The Sweet M&M Plan
Then came the pandemic, further battering an already fracturing economy. The threat of economic calamity spurred solidarity. Germany relinquished its stance of opposing burden sharing and vouched for fiscal unity. Leaders of the EU powerhouses – German Chancellor Angela Merkel and French President Emmanuel Macron – came together in May to propose creating a one-off €500 billion recovery fund. The Macron-Merkel plan proposed financing the fund with shared EU borrowing and disbursals in the form of grants.
Next Generation EU
The Macron-Merkel plan was later restructured and named “Next Generation EU.” Unveiled in July, Next Generation EU expanded the package to €750 billion. Under this agreement, the European Commission will raise money in capital markets and sanction €390 billion as grants and €360 billion as loans to countries like Italy and Spain, which were the most severely affected by the pandemic. The European Commission’s borrowings will be repaid through the joint EU budget, thereby becoming the collective financial responsibility of all EU members, although the funds will be used mainly by the Southern nations.
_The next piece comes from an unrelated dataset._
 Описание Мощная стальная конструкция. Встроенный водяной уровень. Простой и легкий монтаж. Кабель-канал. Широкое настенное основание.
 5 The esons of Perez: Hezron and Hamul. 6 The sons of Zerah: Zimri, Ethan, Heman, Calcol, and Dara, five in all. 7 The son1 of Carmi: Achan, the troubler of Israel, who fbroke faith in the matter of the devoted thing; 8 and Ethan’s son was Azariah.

The existing debt of individual nations will not be included in the fiscal union being formed. Nonetheless, this marks a giant step towards fiscal unity among EU members. What’s even more promising is that the initiative for increased economic unity was spearheaded by Germany, a country that had long resisted this approach to borrowing.
The Next Generation EU, together with the EU’s budget for 2021-2027, totals a fund of €1.85 trillion, making it the largest stimulus package for the region. Moreover, the recovery plan is not merely for short-term damage control. Rather, it is an investment for the EU’s long-term future.